I can create a PR to your branch or have a separate PR to make these updates, if you'd like.

yaelbh · 2021-05-26T11:58:52Z

@jyu thanks for reviewing. Some (possibly somewhat confused) thoughts following your comments:

Race condition: I'm pretty confused about the flow, once we allow code sections to continue to run before previous sections have terminated. The code of BaseExperiment.run creates a single job, runs it on a backend, and performs analysis. Do we envision a scenario where multiple jobs need to terminate before the analysis? Is it necessary for the result to be ready before the function ends? If we use block_for_jobs, where do we position the call and why? Maybe put it right after add_data and before the analysis, and not use the post-processing call for the analysis? Most of all, I'm worried about testing. Do you have a systematic way to test asynchronous runs? For example, can we write a test where running the analysis fails because the data has not been added yet, then fix the code, see that the test passes after the fix, and keep the test in our permanent test suite?
Mixture of AnalysisResult and AnalysisResultV1: it's ok and intentional. AnalysisResult is a dictionary, later to be plugged in as the result_data dictionary in AnalysisResultV1. I think composite experiments are doable, I'm going to do it.
I'm equally fine with all three options, that I make the fixes in the PR, or that you make them, either in a PR to my branch or as a separate PR. Which one do you prefer?
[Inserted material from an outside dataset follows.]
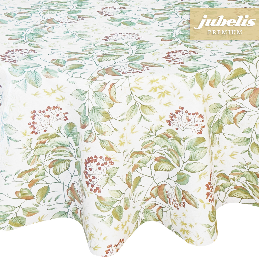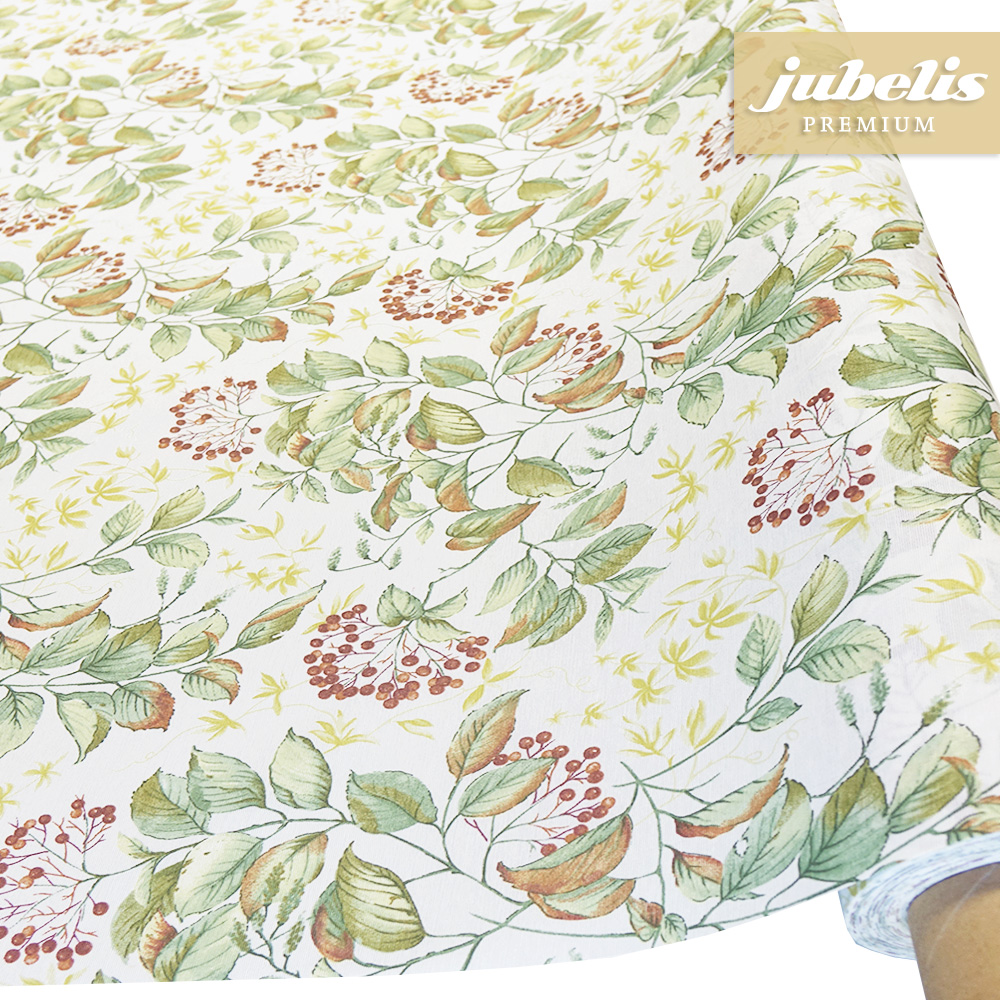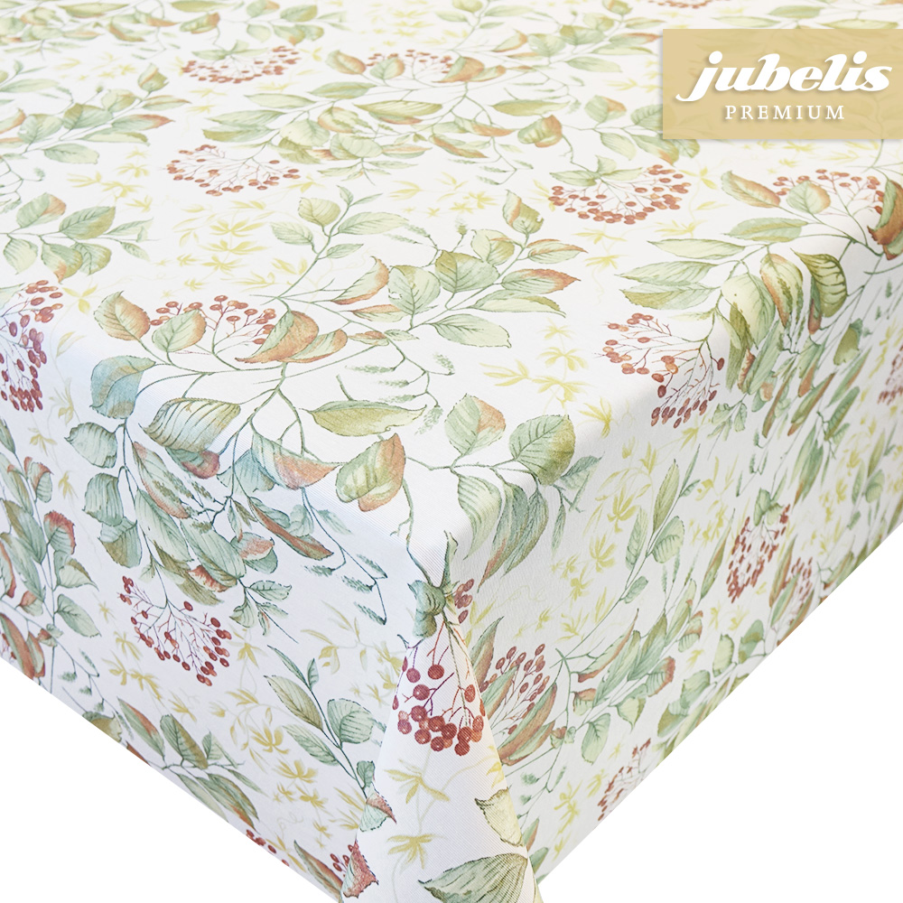Auf diesem abwaschbaren Tischbelag gibt es einiges zu entdecken. Neben dekorativen Rankenmotiven und Beeren besitzt dieses Muster weitere verschiedene florale Bestandteile. Der helle Untergrund der Tischdecke sorgt für eine kontrastreiche Darstellung des Musterdrucks. Das freundliche Muster lässt sich in vielen Wohnbereichen auf dem Tisch verwenden. Dank seiner wasserabweisenden Oberfläche ist diese sowohl im Innenbereich als auch im geschützten Außenbereich nutzbar. Trotz seiner stoffähnlichen Eigenschaften kann bei Verunreinigungen der Tischbelag einfach abgewischt werden. Dies ist ein wesentlicher Vorteil gegenüber herkömmlichen Tischwäschen aus reinem Stoff. In der Größenauswahl direkt neben der Produktabbildung können Sie die gewünschte Größe einfach auswählen. Profitieren Sie von diesem gleichermaßen ansprechenden und pflegeleichten Tischbelag.

jyu00 · 2021-05-26T13:39:41Z

Race condition: The code of BaseExperiment.run creates a single job, runs it on a backend, and performs analysis.
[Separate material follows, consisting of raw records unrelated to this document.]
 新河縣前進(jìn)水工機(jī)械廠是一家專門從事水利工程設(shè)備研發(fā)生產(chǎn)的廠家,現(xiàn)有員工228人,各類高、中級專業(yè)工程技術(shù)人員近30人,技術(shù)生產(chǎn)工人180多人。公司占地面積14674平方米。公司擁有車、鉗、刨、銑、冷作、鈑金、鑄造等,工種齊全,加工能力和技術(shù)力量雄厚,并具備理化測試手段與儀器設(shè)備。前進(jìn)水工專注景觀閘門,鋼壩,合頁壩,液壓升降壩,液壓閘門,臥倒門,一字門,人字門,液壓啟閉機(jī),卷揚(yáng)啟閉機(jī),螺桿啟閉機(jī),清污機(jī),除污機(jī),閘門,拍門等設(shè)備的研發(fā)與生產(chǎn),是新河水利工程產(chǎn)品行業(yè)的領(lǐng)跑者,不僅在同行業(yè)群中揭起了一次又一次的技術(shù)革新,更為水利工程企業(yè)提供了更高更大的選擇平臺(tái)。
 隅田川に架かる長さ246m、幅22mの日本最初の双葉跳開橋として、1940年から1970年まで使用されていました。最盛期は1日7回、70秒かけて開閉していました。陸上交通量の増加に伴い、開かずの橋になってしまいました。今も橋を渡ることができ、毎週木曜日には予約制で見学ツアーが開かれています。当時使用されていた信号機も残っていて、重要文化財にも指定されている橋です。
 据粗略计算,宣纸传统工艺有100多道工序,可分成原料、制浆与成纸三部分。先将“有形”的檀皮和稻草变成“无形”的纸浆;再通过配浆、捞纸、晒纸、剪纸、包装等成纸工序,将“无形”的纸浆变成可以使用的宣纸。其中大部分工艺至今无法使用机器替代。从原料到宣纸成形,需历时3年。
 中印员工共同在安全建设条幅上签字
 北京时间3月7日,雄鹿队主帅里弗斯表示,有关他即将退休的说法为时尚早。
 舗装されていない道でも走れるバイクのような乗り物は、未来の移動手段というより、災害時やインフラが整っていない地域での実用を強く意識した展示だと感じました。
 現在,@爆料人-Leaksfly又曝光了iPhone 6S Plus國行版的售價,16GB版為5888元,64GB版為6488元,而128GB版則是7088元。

The current code for this flow is basically

job = backend.run(circuits, **run_options)
experiment_data.add_data(job)
analysis.run()  # this references experiment_data.data()

The problem here is that add_data() waits asynchronously for the job to finish before adding its results to _data. Because the wait is done asynchronously, add_data() returns immediately, and therefore there is a good chance analysis.run() will get control before the job results become available. In other words, experiment_data.data() could return an empty list if results are not yet available.
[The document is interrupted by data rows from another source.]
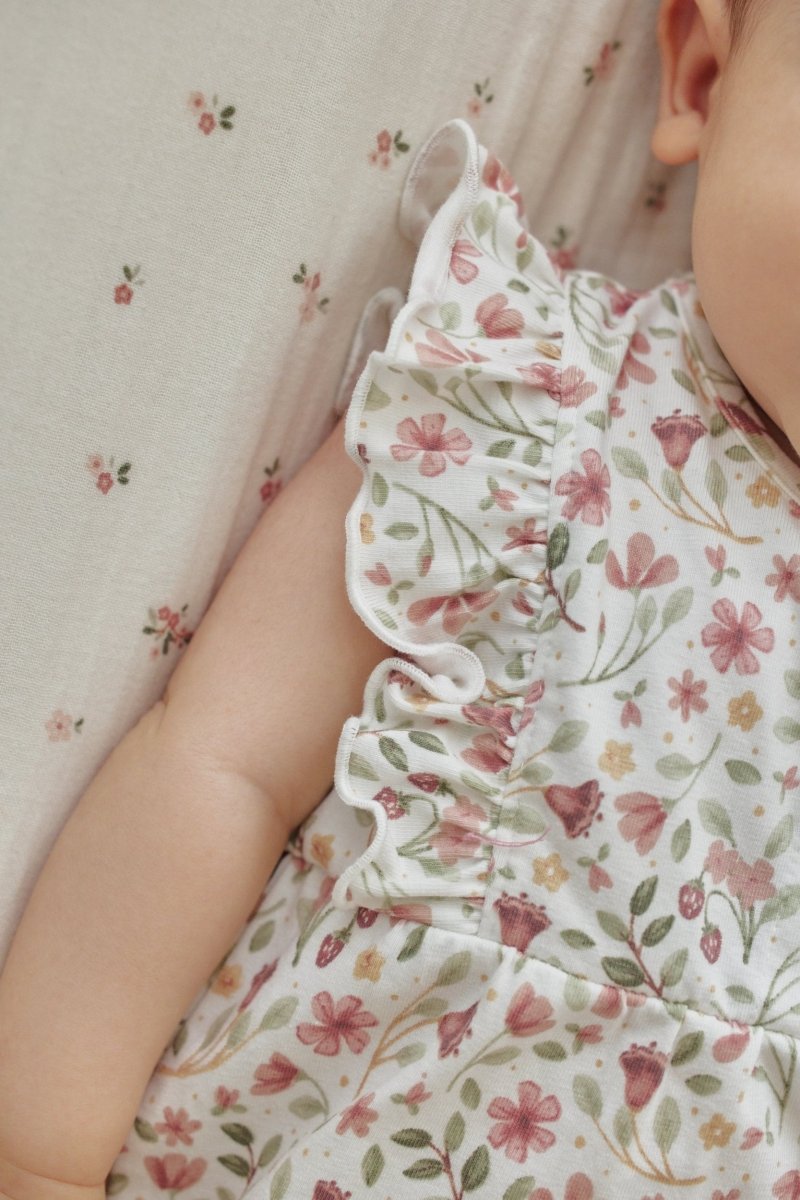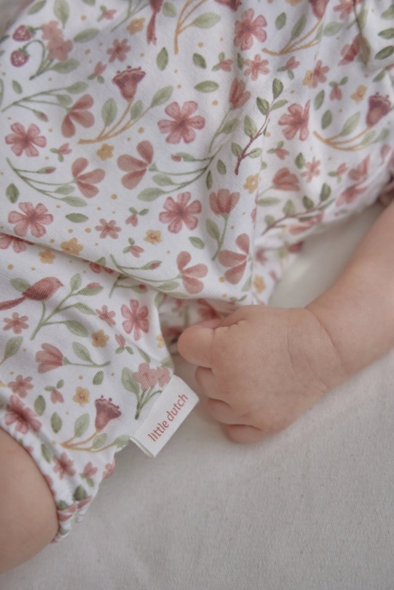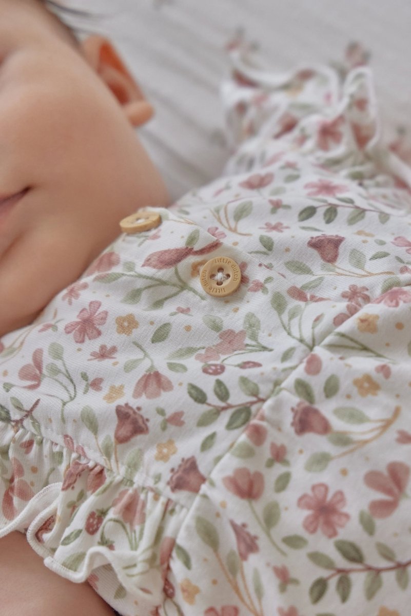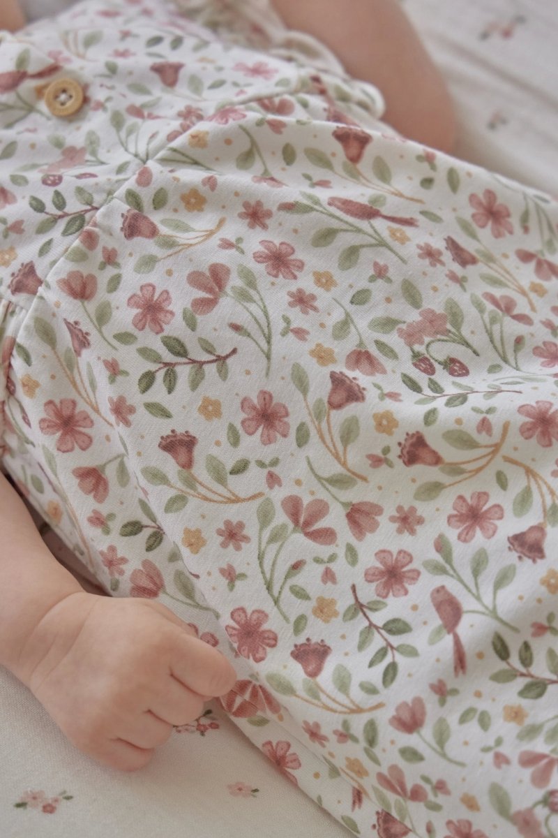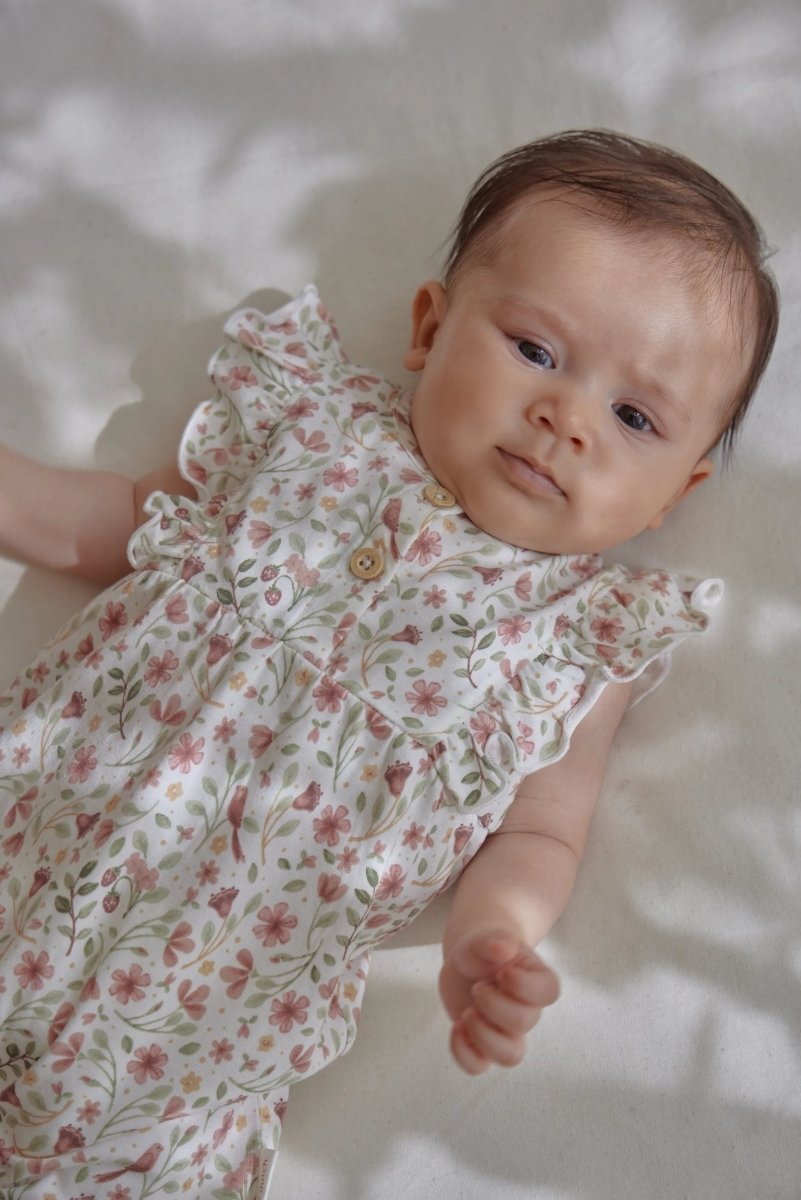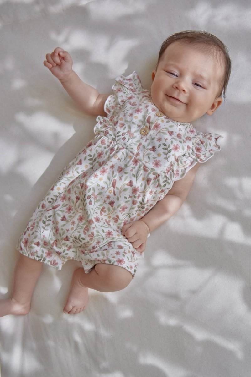 Een dag vol verwondering begint met dit korte tuinpak uit de Fairy Wonders collectie. De zachte stof, vrolijke Fairy Garden print en verfijnde details maken dit een favoriet item voor elke zonnige dag. De speelse ruches over de schouders geven het tuinpak een lieve uitstraling, terwijl de hout-look knoopjes zorgen voor een natuurlijke, charmante touch. Dankzij de handige drukknoopjes in het kruis gaat aan- en uitkleden moeiteloos.
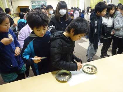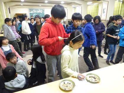 4組は惜しくも3位でした。まめつまみ大会だけでなく普段から正しいはしの持ち方をこころがけたいですね。
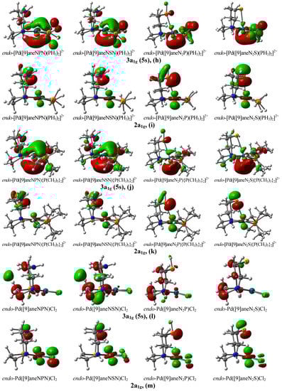 The 3a1g(5s)-orbital [(h), (j), (l)] and 2a1g-orbital [(i), (k), (m)] of endo-Pd([9]aneB2A)L2 and endo-Pd([9]aneBAB)L2 complexes calculated at the B3P86/6-311+G** (lanl2DZ for Pd) level, respectively.

Do we envision a scenario where multiple jobs need to terminate before the analysis?

One scenario I can think of is when the circuits are too long and need to be divided into multiple jobs. I was hoping to get the IBMQ Job Manager replacement (which does the division for you under the cover) done before qiskit-experiment release, but that's not likely to happen :(

Is it necessary for the result to be ready before the function ends? If we use block_for_jobs, where do we position the call and why?

It's currently designed to allow both the job and analysis to run asynchronously in the background, and the function could return before they are done. So when you call experiment.run(), it returns before the processing actually finishes. Some people might want to block until the result becomes available, and that's what block_for_jobs() is for (perhaps the function can use a better name). For example, one might do

exp = T1Experiment(0, delays, unit="dt")
exp_data = exp.run( ... )  # this could return before result is available
exp_data.block_for_jobs()  # this waits for the result to become available
result = exp_data.analysis_result(0)  # now it's safe to access the result

Maybe put it right after add_data and before the analysis, and not use the post-processing call for the analysis?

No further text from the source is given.